Deputy Prime Minister Bin Chhin said Monday that the ruling CPP’s demand that dual nationals be banned from sitting on a reformed election commission is not intended to prevent Licadho President Pung Chhiv Kek from becoming the “neutral” ninth member of the new institution.
CNRP President Sam Rainsy and Prime Minister Hun Sen signed a deal on July 22 that led the opposition party’s 55 lawmakers to end their boycott of parliament in exchange for an overhaul of the CPP-led National Election Committee (NEC).
Under the deal, each party will have the right to select four members of the NEC, with the ninth tie-breaking member chosen by both. Ms. Chhiv Kek was approved for the ninth position on July 28 and the CNRP took its seats the next week.
The subsequent talks to draft the law for the new institution have been deadlocked since early October, with the CPP now demanding that NEC members not hold foreign passports. Ms. Chhiv Kek is also a French and Canadian citizen.
“It is not targeted at any individual person,” Mr. Chhin, the CPP’s lead delegate in election reform talk, said of his party’s demands after a weekly meeting Monday. “This draft law, we draft in general. We do not draft it to target on this or that persons. So please make it clear, it’s not about that.”
Mr. Chhin insisted that the ruling party still supports Ms. Chhiv Kek’s candidacy for the ninth slot on a new NEC.
“We support [her] but we don’t know she has two nationalities or whatever. Don’t make assumptions about that. It’s the wrong evaluation, we have written [the draft], without targeting this or that person. Don’t be confused,” Mr. Chhin said.
“We want single-nationals because they can prove they have Khmer citizenship and they can work without links to other areas,” he explained. “We want them to be neutral since we do not want to hear of there being any [outside] influence.”
He added that Ms. Chhiv Kek would always have the option of renouncing her foreign passports if necessary.
“We are just assuming that she will be like this or that. Sometimes, they can give it up, we don’t know,” he said.
CNRP official Kuoy Bunroeun, who has led the opposition party in the election reform talks, said that his party would not back down over its rejection of the CPP’s demands.
“We want it to be more open,” Mr. Bunroeun said after Monday’s meeting. “We know that some people, because of circumstances, are forced to have [foreign passports]. Secondly, we want those living abroad and holding other nationalities—and having the experiences and knowledge—to serve here.”

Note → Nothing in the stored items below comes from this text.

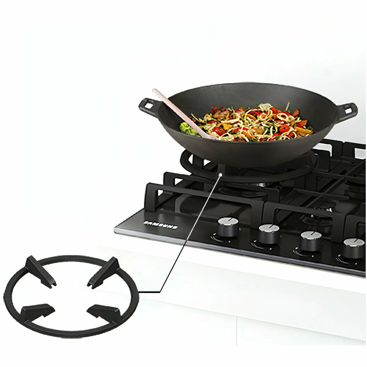 Газовая варочная поверхность Samsung оснащена специальной решеткой для приготовления на сковороде -Вок-. Ее круглая форма позволяет обеспечить устойчивость -Вока- или других больших кастрюль во время приготовления. Наконец, посуда всегда будет находиться над центром конфорки, так что разогрев будет равномерным, а блюда - сочными и вкусными.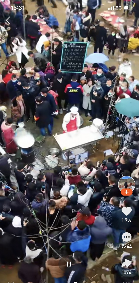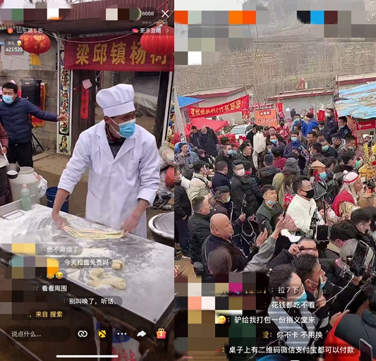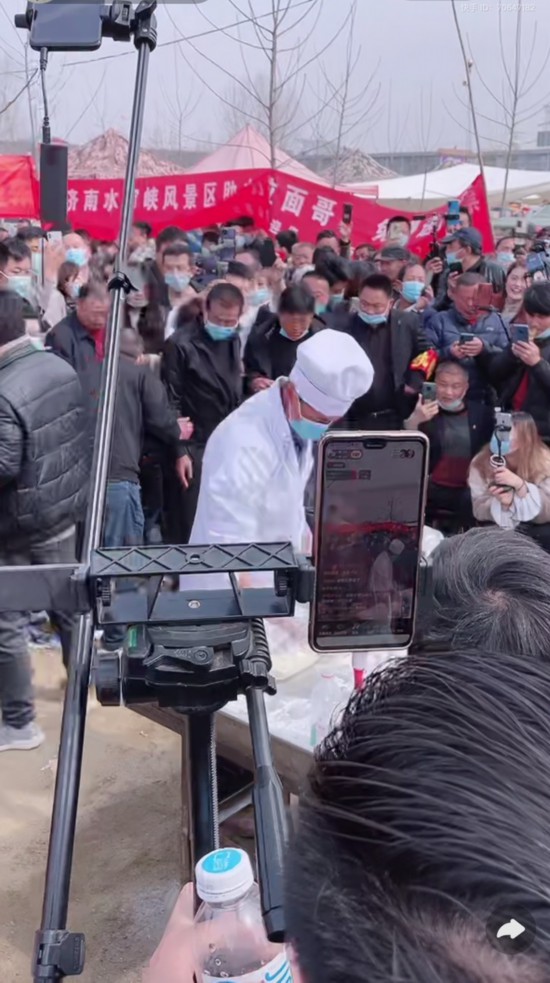 记者从一些自媒体博主拍的短视频和直播看到,“拉面哥”赶集出摊时,他的面摊被人群团团围住,几乎人手一个支架和手机。还有人跑五百多公里到山东临沂,为吃碗拉面排队半个多小时。为了蹭上热度,有人说要去找拉面哥求婚,有人在直播中朝着做拉面的程运付喊“干爹,我爱你”。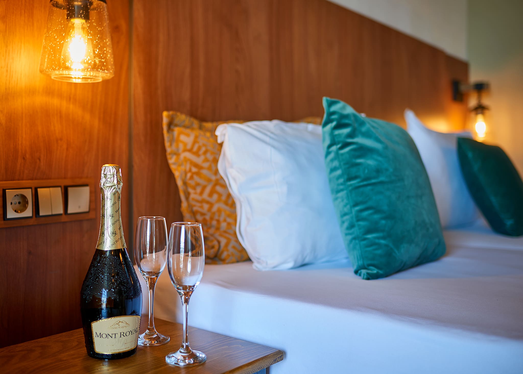 254 двойни стаи със страничен изглед море- макс. 3 души/ 2 единични легла, мокет/ламинат, телефон, централна климатизация, сешоар, кабелна LCD телевизия, мини бар, балкон, баня с душ, Wi-Fi. Допълнително легло /разтегателен диван/ 16 Фамилни стаи - 2+2/2 Двойни стаи с междинна врата, мокет, телефон, централна климатизация, сешоар, кабелна LCD телевизия, мини-бар, балкон, баня с душ, Wi-Fi.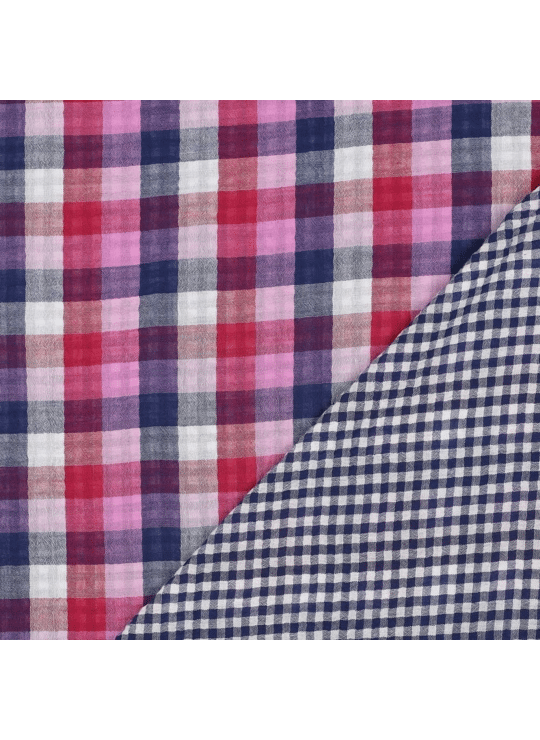 - Product: Lila/Marine | Double sided checks | Double gauze
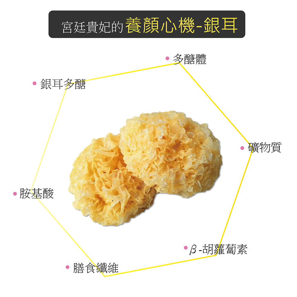 白木耳又稱銀耳,主要成份為植物性膠原蛋白質、礦物質、鈣質及豐富膳食纖維,可排便順暢,是很好的養顏美容聖品。尤其因富含膠質,口感滑潤,又低卡路里,愛美的女性可吃。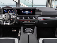 奔驰AMG GLE 63 S 4MATIC+轿跑SUV官图 梅赛德斯-AMG日前发布了一组新一代AMG GLE 63 S 4MATIC+轿跑SUV官图。该车整体设计基本延续了此前发布的AMG GLE 53 4MATIC+轿跑SUV,不过在外观及内饰细节上有了更加动感的改变。作为全新GLE轿跑SUV的最强性能版车型,该车搭载一台4.0L双涡轮增压V8发动机,并且配备了48V轻混系统,百公里加速仅需3.8s。 外观方面,虽然全新AMG GLE 63 S 4MATIC+轿跑SUV基本延续了此前发布的AMG GLE 53 4MATIC+轿跑SUV,霸气的直瀑式格栅和LED大灯都得到完美延续,但由于等级更高,性能更强,AMG GLE 63 S 4MATIC+轿跑SUV采用了更加动感的前包围,此外我们发现其贯穿式开孔两端的黑色面板也进行了调整,尺寸更大,看起来更霸气 内饰方面,该车配备了带有铝制换挡拨片的三辐式AMG Performance方向盘,标准车型配备黑色Nappa真皮,S车型则配备了Nappa真皮和DINAMICA超细纤维材质,并且客户可以通过调整AMG方向盘按钮设置车辆动态数据。同时,该车还搭载带橡胶钉的不锈钢脚踏板、迎宾踏板、带有AMG字样脚垫,而S车型还配备了更加个性的灰色安全带和银灰色座椅缝线。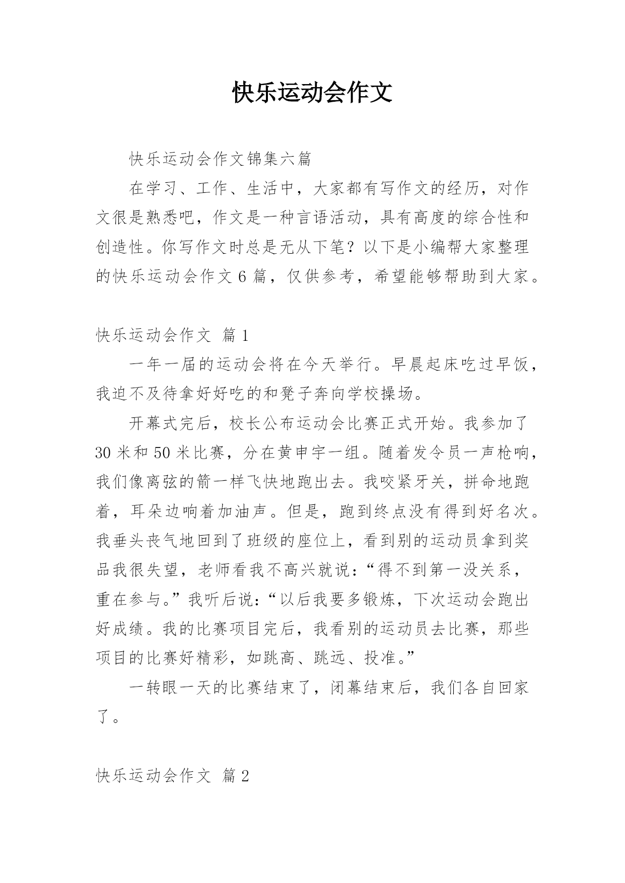 快乐运动会作文关于快乐运动会作文合集6篇无论在学习、工作或是生活中,大家或多或少都会接触过作文吧,根据写作命题的特点,作文可以分为命题作文和非命题作文。你知道作文怎样才能写的好吗?下面是小编为大家收集的快乐运动会作文6篇,希望能够帮助到大家。快乐运动会作文篇1十一月二十五日星期六,是我们学校的运动会。一大早艳阳高照,校门外车子川流不息,人潮涌挤,并且摊贩林立,卖着各种好吃的东西,有糖壶芦、棉花糖、热狗、饮料…等了。校门口,有一道大大的充气拱门,上面写苗苗小学第二十五年校庆。哇!原来学校二十五岁了,比我还大

According to the July 22 deal, if the two parties are unable to come to an agreement to establish the reformed NEC, the current CPP-led NEC will continue to organize elections.

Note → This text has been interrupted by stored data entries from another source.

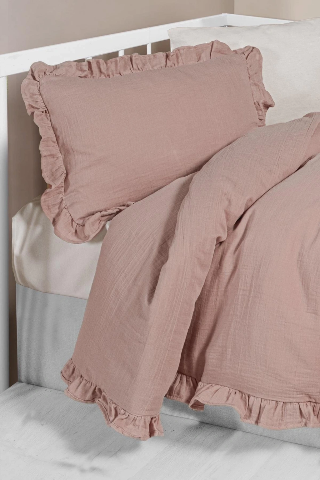 Fırfırlı %100 Pamuk Müslin Bebek Nevresim Takımı – Doğal, Şık ve Konforlu
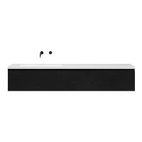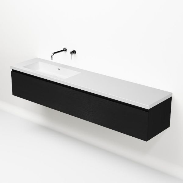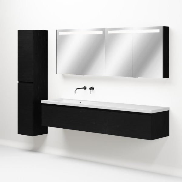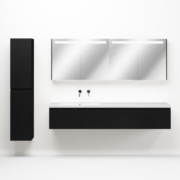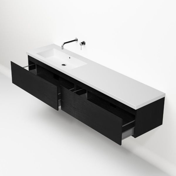 Greeploos badkamermeubel in de kleur zwart mat eiken is 200 cm breed. De wastafel is vervaardig in quartz en heeft de kleur wit mat quartz. Dit badkamermeubel met deze wastafel is leverbaar tussen de 60 cm t/m 160 cm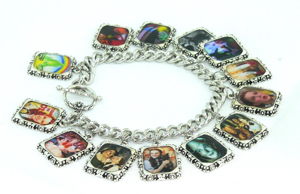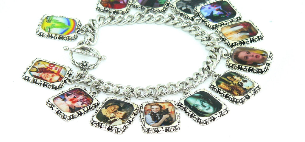 This bracelet has been handcrafted using Wizard of Oz pictures. The pictures are set in shiny, silver frames and have been professionally sealed in resin ( Clear Cast Resin is a permanent, waterproof resin that will not yellow or crack with age) The bracelet is made with a silver curb style chain and a silver floral toggle clasp. The bracelet is available in lengths between 7" and 9".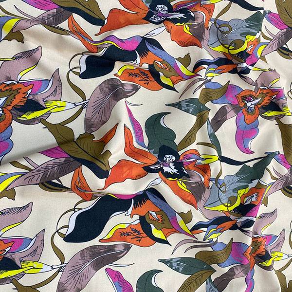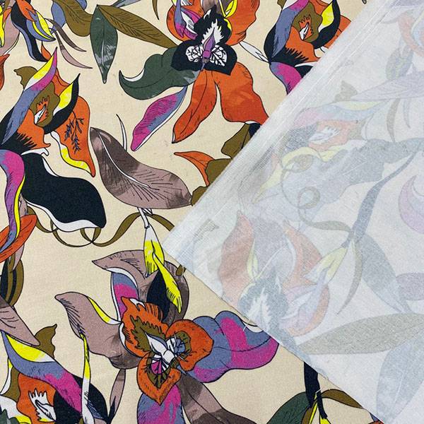 Caratterizzato da una fantasia floreale dalle tonalità calde su uno sfondo color pesca chiaro.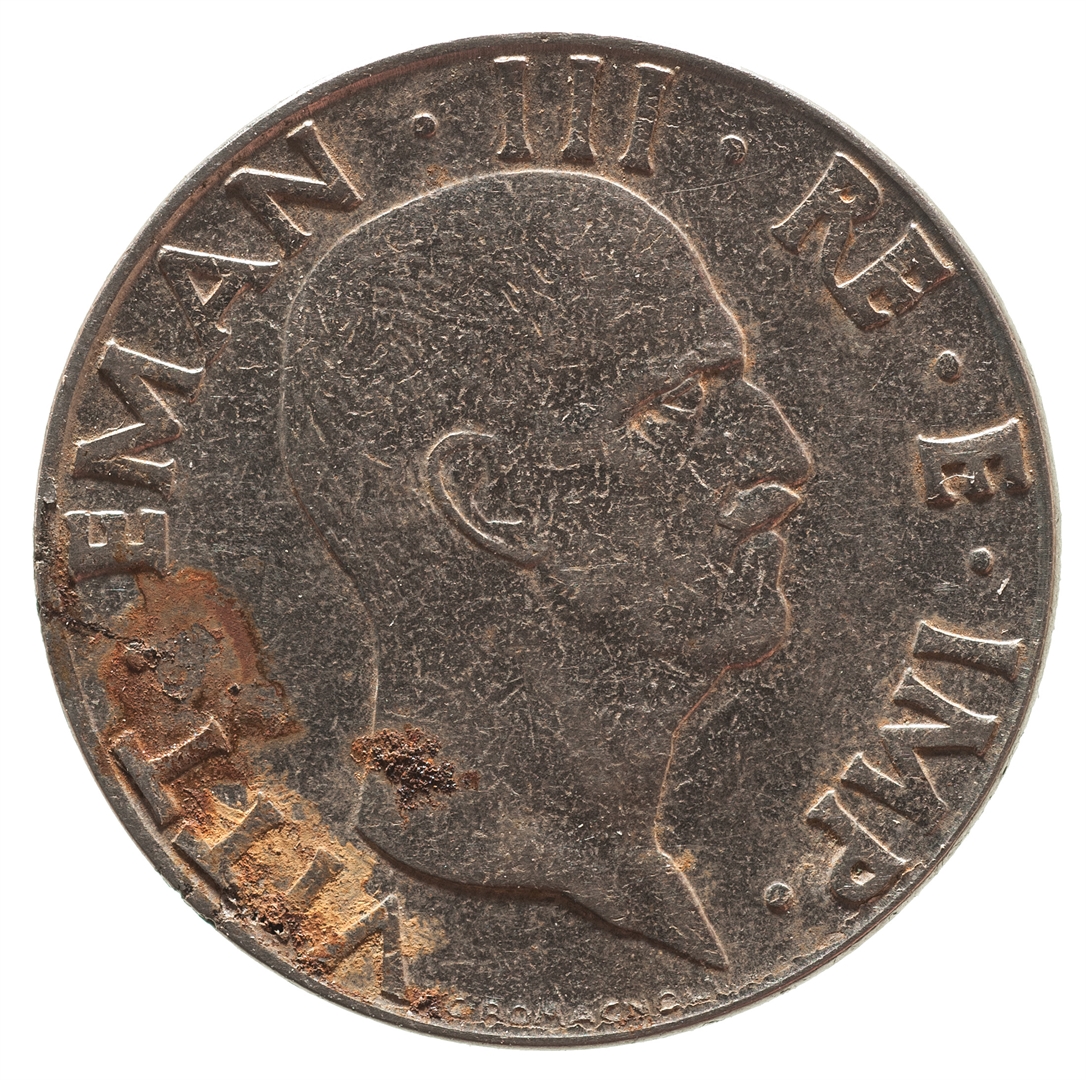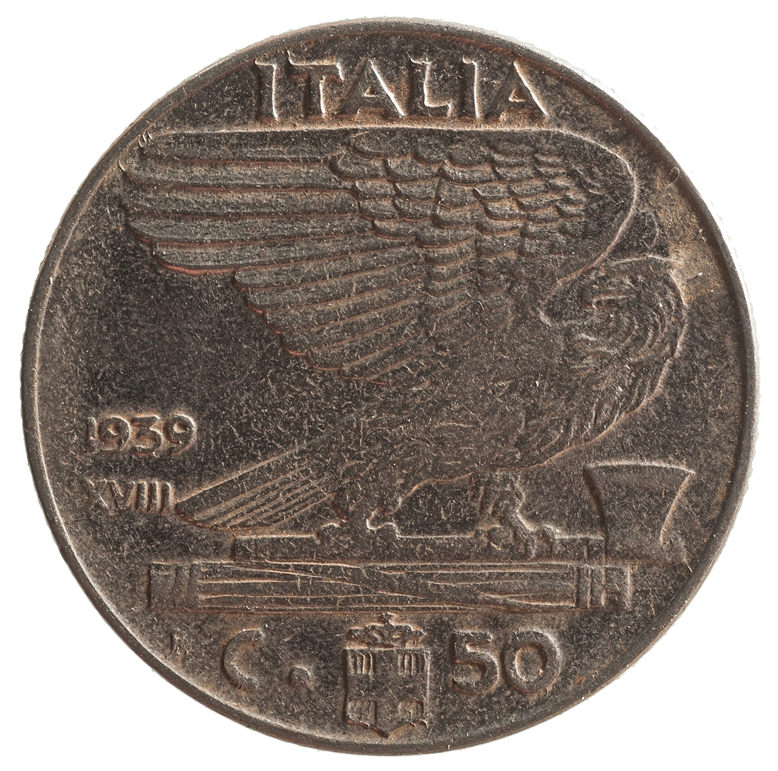 Avers: Centralni dio kovanice zauzima profil muške osobe sa pogledom u desno. Kružno uz rub kovanice proteže se natpis VITT. EMAN. III. RE. E. IMP.. Na dnu uz rub nalazi se natpis G.ROMAGNOLI. Revers: Centralni dio reversa zauzima prikaz orla raširenih krila koji u kanđama drži fascio. Iznad njega nalazi se natpis ITALIA, a sa njegove desne strane godina 1939 i rimski broj XVIII. U dnu na sredini nalazi se grb s čije se desne strane nalazi broj 50, a sa lijeve strane slovo C. Lijevo od slova C nalazi se malo slovo R.

On Friday, Ms. Chhiv Kek declined to comment when asked if she would consider renouncing her foreign passports if it was required for her to join the NEC.

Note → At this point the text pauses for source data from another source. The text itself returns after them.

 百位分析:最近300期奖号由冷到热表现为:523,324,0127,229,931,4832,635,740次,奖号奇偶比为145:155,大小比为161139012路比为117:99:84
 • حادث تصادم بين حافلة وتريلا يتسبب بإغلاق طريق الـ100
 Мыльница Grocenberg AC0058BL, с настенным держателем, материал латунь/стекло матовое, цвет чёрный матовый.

“[I]t is still too early to comment at this time,” Ms. Chhiv Kek said in an email.
Last week, prominent opposition official Meach Sovannara was arrested the morning after the last round of failed election reform talks, with the Phnom Penh Municipal Court imprisoning him on four-month-old charges of “insurrection.”
CNRP leaders have claimed that his imprisonment is a ploy to push them to fold to the CPP’s demands, but the opposition official’s wife said Monday that the party should not back down.
“If the imprisonment of my family is an exchange for the independence of the NEC, then I agree to have my family imprisoned,” Jamie Meach, who lives in the U.S., told a crowd of media after visiting Mr. Sovannara in Prey Sar prison. “I sacrifice everything.”
By telephone, Ms. Meach said that her jailed husband, who is also a U.S. citizen, had told her not to let the CNRP make concessions in the NEC negotiations to secure his release.
“He told me that he would not allow anyone to use him as a political hostage in exchange for something that could ruin the new NEC or for any other political issue,” Ms. Meach said.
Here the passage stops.